High Availability for Amazon VPC NAT Instances (Using AWS CloudFormation Templates)

With this AWS CloudFormation Templates, you can automate bidirectional monitoring between two NAT instances and implement a high availability (HA) failover solution for network address translation (NAT) This article walksthrough deployment of the AWS CloudFormation template.


Submitted By: Jinesh Varia
AWS Products Used: Amazon EC2, AWS CloudFormation, Amazon VPC
Created On: May 16, 2013


submitted by Steve Morad, AWS Solutions Architect and Sean Senior, AWS Solutions Architect

Learn how you can leverage bidirectional monitoring between two NAT instances to implement a high availability (HA) failover solution for network address translation (NAT). This article walks through the deployment of a CloudFormation script to automate the detailed steps described in the High Availability for Amazon VPC NAT Instances: An Example article.

Overview

In Amazon Virtual Private Cloud (VPC), you can use private subnets for instances that you do not want to be directly addressable from the Internet. Instances in a private subnet can access the Internet without exposing their private IP address by routing their traffic through a Network Address Translation (NAT) instance in a public subnet. A NAT instance, however, can introduce a single point of failure to your VPC's outbound traffic. This situation is depicted in the diagram below.

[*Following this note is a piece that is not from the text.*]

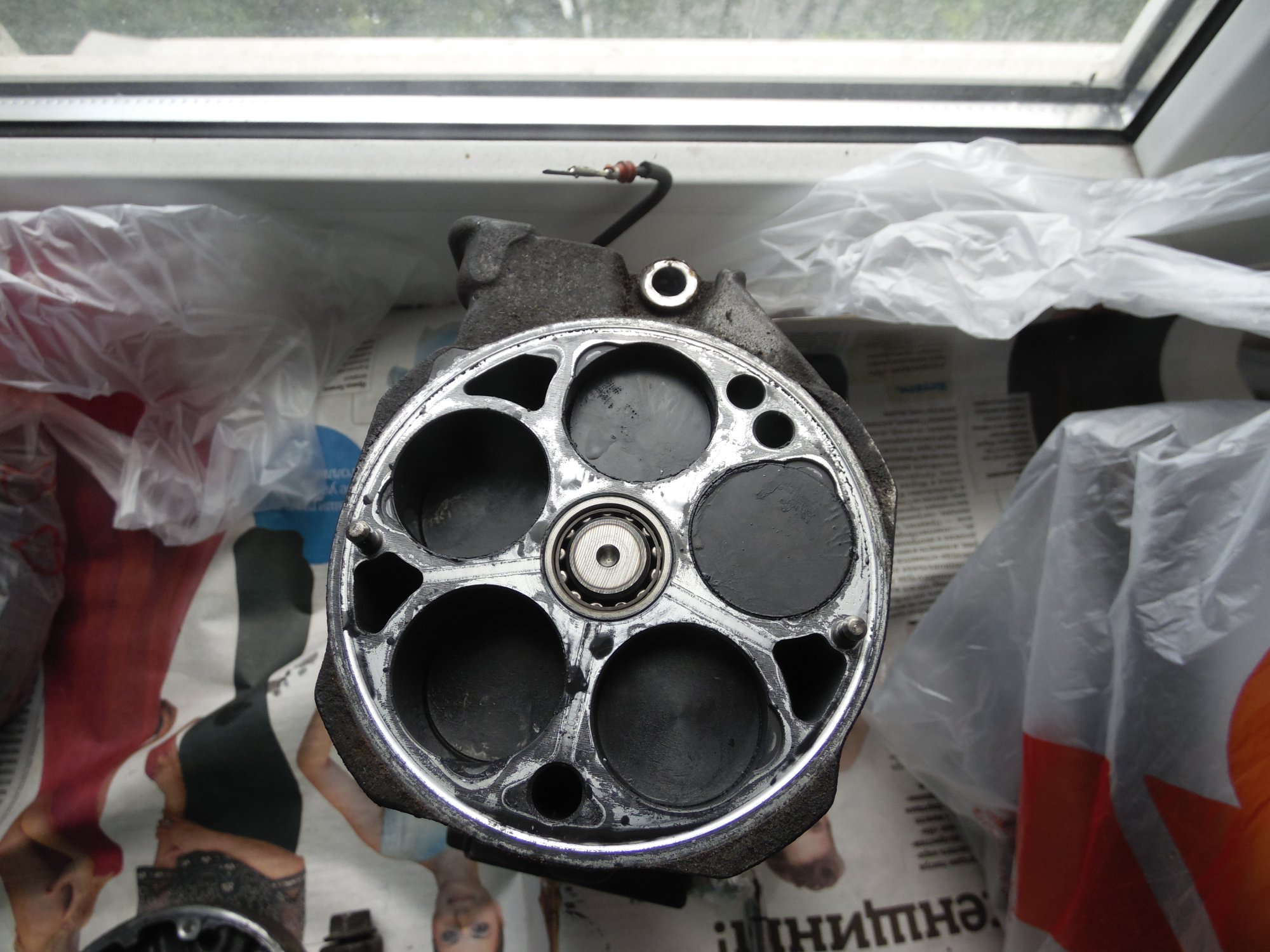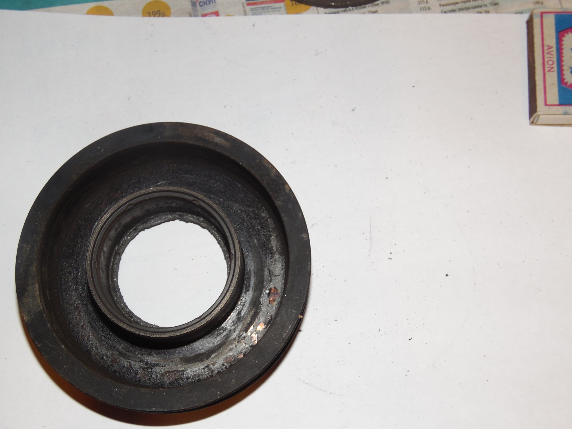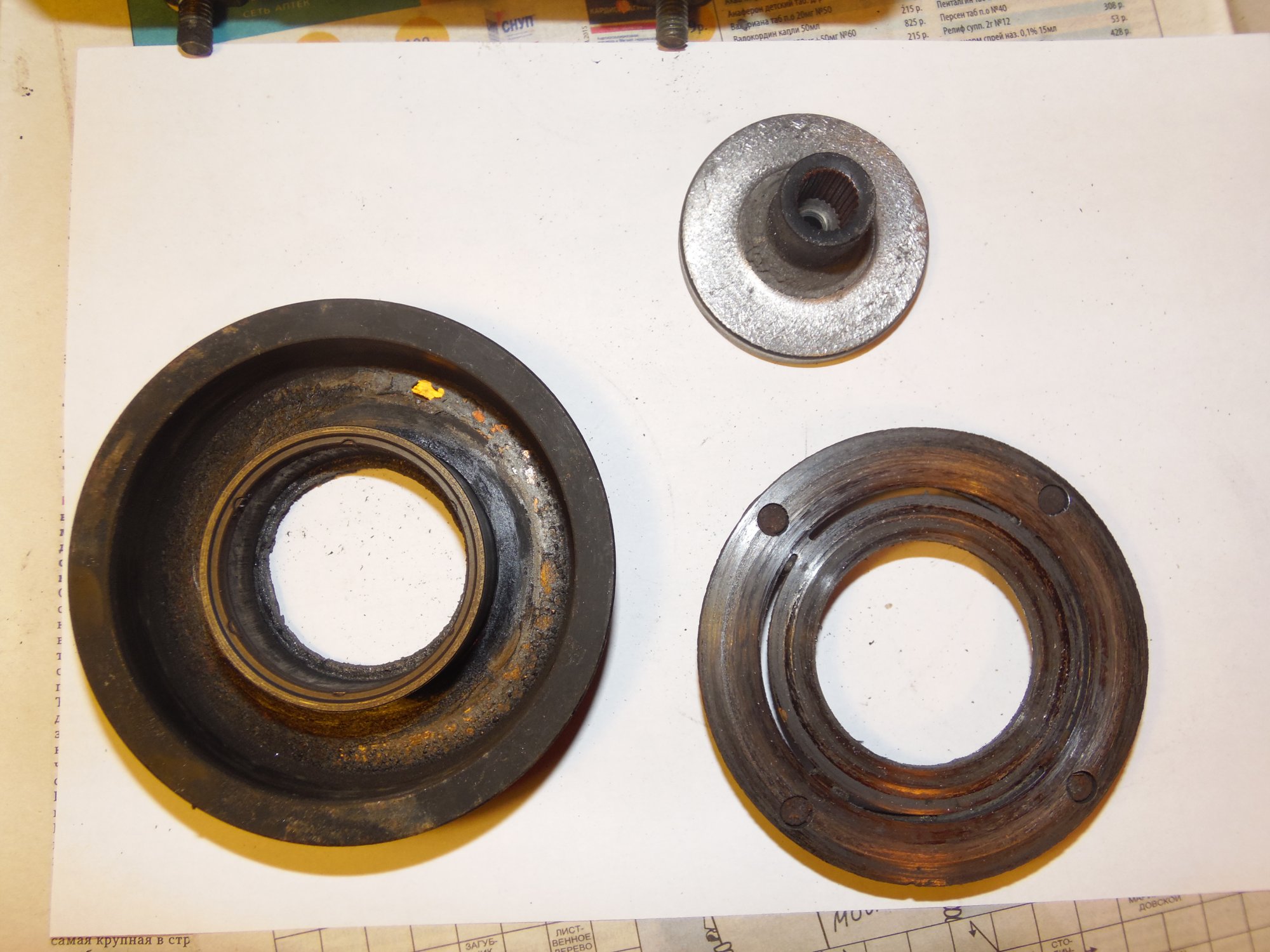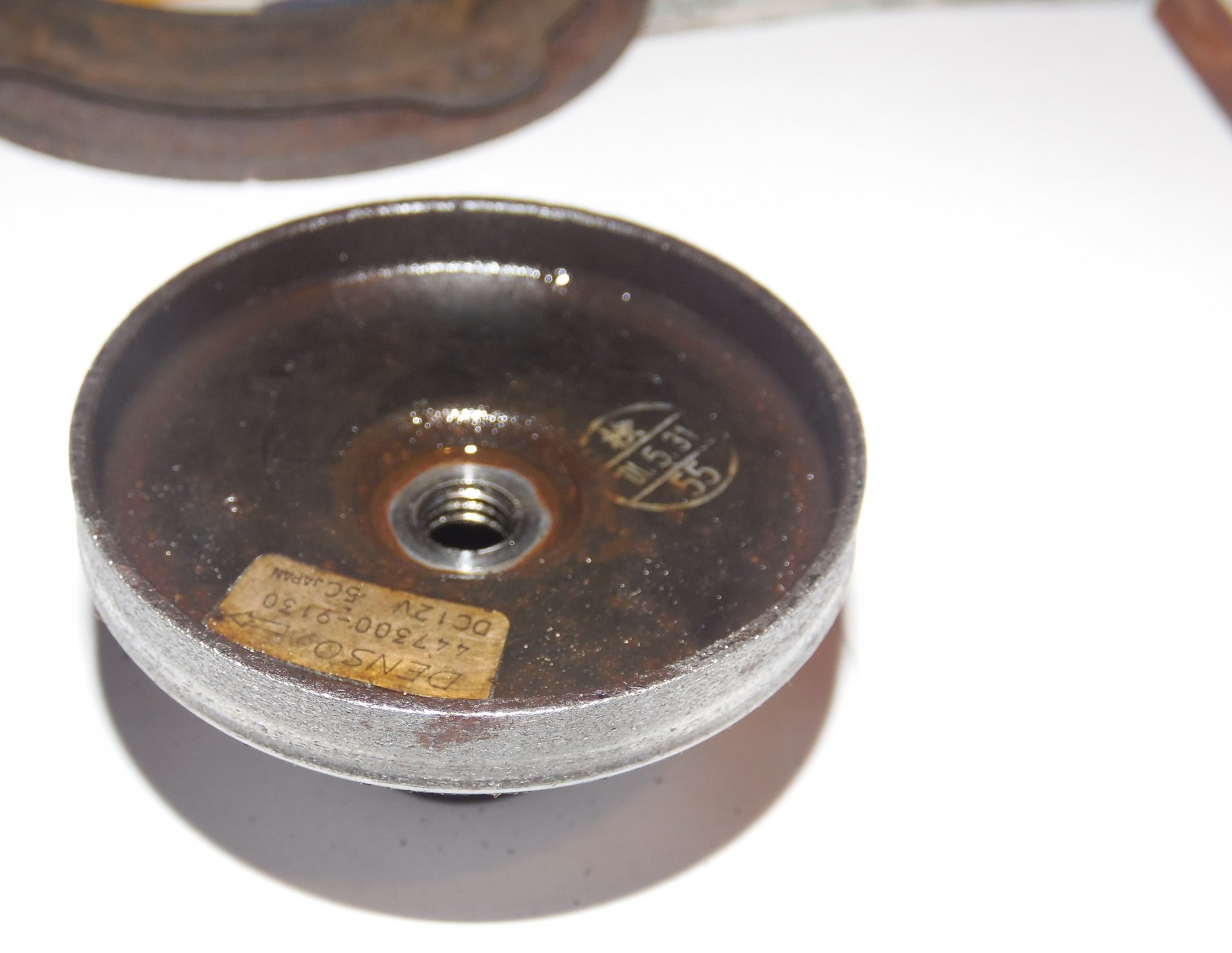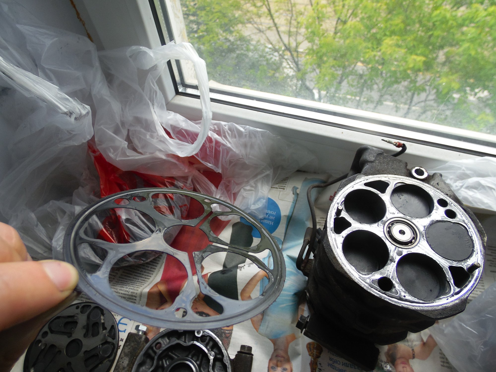 немного фото, возможно по ним можно сделать какой то вывод о чем либо):[DOUBLEPOST=1465604991,1465512884][/DOUBLEPOST]Удалось таки доехать до СТО - по мнению мастера в компрессоре есть выработка - возможно он и клинил , в следствие чего и порвалась резина прижимной пластины а так же виден износ на повернхности шкива которая соприкасается с прижимной пластиной. плюс как видно на фото поверхность электромуфты неровная - видимо плавилась эпоксидная смола, которой залиты витки муфты. по его мнению, на 50% вероятности что в системе имеется стружка от выработки компрессора, по сему еще и всю системку надо промывать и менять осушитель и конденсор .. в общем починка сего узла как четвертая часть стоимости машины обойдется =) как думаете прав-неправ?

Figure 1a: Internet-bound traffic through a NAT instance. Figure 1b: Internet-bound traffic interrupted during NAT failure.

One approach to this situation is to leverage multiple NAT instances that can take over for each other if the other NAT instance should fail. This walkthrough and associated monitoring script (nat_monitor.sh) provide instructions for building a HA scenario where two NAT instances in separate Availability Zones (AZ) continuously monitor each other. If one NAT instance fails, this script enables the working NAT instance to take over outbound traffic and attempts to fix the failed instance by stopping and restarting it. This script is a modification of the virtual IP monitor and take-over script demoed during the AWS re:Invent CPN207 - Virtual Networking in the Cloud session.

This approach, where two instances independently monitor each other, has a known edge case that occurs in the unlikely event network connectivity is broken between two AZs but both instances can still communicate to the EC2 API endpoints. Please see Appendix A for more information about this edge case.

To set up a pair of self-monitoring NAT instances, follow these steps:

  1. Create an AWS Virtual Private Cloud
  2. Create an EC2 Role in AWS Identity and Access Management (IAM).
  3. Launch two Amazon Linux EC2 NAT instances into each of your VPC's public subnets.
  4. Configure Elastic IP addresses for your NAT instances.
  5. Create Route Tables for private subnet Internet-bound traffic
  6. Download and configure the nat_monitor.sh script.
  7. You are done! You may now test your configuration.

To assist you in the implementation of this approach, we have created two CloudFormation templates that automate deployment of this high availability solution for two scenarios:

  1. The nat_monitor.template CloudFormation template provisions a pair of self-monitoring NAT instances into an existing VPC, using your existing subnets and route tables.
  2. The nat_monitor_demo.template CloudFormation template provisions a demo VPC with public/private subnets in AZs of your choice, a pair of self-monitoring NAT instances, and route tables directing the private subnets to route through the NAT instances.

These templates create a solution to provide high availability NAT instances that function as shown in the diagrams below:

Figure 2a: Dual, active NAT instances. Figure 2b: Route take over on NAT failure.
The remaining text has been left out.